Grok STT

xai/grok-stt

xAI Speech-to-TextTranscriptionMultilingual

xAI's Grok speech-to-text model. Transcribes audio files into text across 25 languages with word-level timestamps, multichannel transcription, speaker diarization, and key-term biasing.

Quick start

# Inspect the price — a plain request returns the 402 challenge:
curl -i https://api.glianalabs.com/v1/infer \
  -H "content-type: application/json" \
  -d '{
    "model": "xai/grok-stt",
    "url": "https://example.com/input"
  }'

# Pay + run in one step with the mppx CLI (create a wallet: npx mppx account create):
npx mppx https://api.glianalabs.com/v1/infer \
  -J '{"model": "xai/grok-stt", "url": "https://example.com/input"}'

Parameters

Input

audio_format string optional

Format hint for raw/headerless audio. Required for pcm, mulaw, alaw. Omit for container formats (mp3, wav, etc.) — xAI auto-detects them.

channels integer optional

Number of audio channels (2–8). Required only for multichannel raw audio; auto-detected for container formats.

diarize boolean optional

When true, enables speaker diarization. Each word in the response includes a `speaker` integer identifying the detected speaker.

file string optional

Audio file as a data URI (data:audio/...;base64,...) or an HTTPS URL the gateway fetches and uploads. Supported container formats: flac, mp3, mp4, m4a, mkv, ogg, opus, wav, aac. Raw formats (pcm, mulaw, alaw) also accepted — supply audio_format and sample_rate. Gateway-side size limit: 25 MB. Mutual

filler_words boolean optional

When true, filler words (uh, um, er) are included in the transcript. Defaults to false — filler words are removed.

format boolean optional

When true, enables Inverse Text Normalization — spoken numbers and currencies are converted to written form (e.g. "one hundred dollars" → "$100"). Requires language to be set.

keyterm array optional

Key terms to bias transcription toward (e.g. product names, proper nouns). Each term up to 50 characters, max 100 terms. Sent as repeated form fields: keyterm=Term+One&keyterm=Term+Two.

language string optional

Language code (e.g. "en", "fr", "de"). Used with format=true to enable Inverse Text Normalization. xAI transcribes in any language regardless — supplying this enables number/currency formatting in the transcript.

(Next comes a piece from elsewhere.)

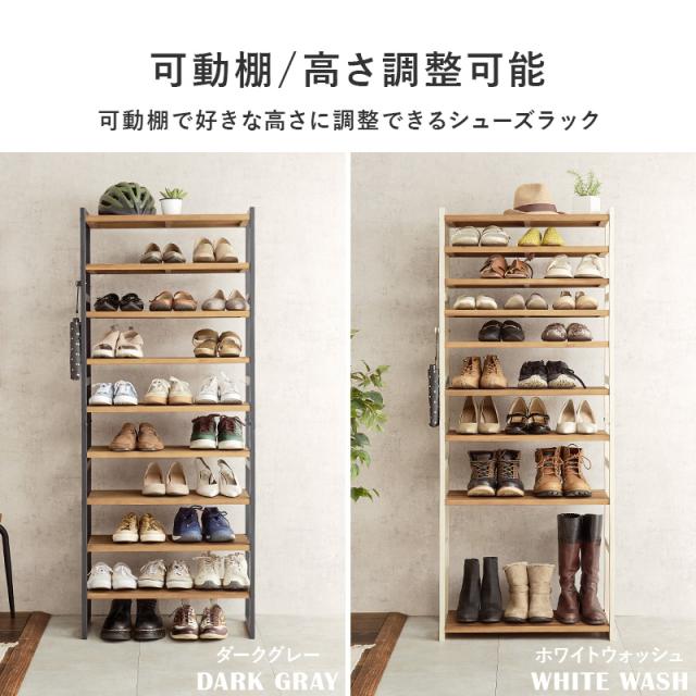 可動棚で高さ調節できるのでスニーカー、ブーツ、長靴、ハイヒールなど様々な靴に対応。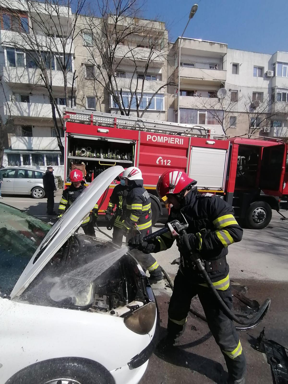 În urma incendiul au ars elemente combustibile de la compartimentul motor și a fost spart un geam lateral al mașinii.

multichannel boolean optional

When true, each audio channel is transcribed independently. Results are returned in the `channels` array. Requires channels ≥ 2.

sample_rate integer optional

Sample rate in Hz. Required when audio_format is set.

url string optional

HTTPS URL of an audio file for xAI to fetch server-side. Mutually exclusive with `file`. No gateway-side size limit applies.

Output

channels: Per-channel transcripts when multichannel=true.

duration: Audio duration in seconds (2 d.p.).

language: Detected language name (e.g. "English", "French").

text: Full transcript text.

words: Word-level segments. Each entry has text, start, end (seconds). Includes speaker integer when diarize=true.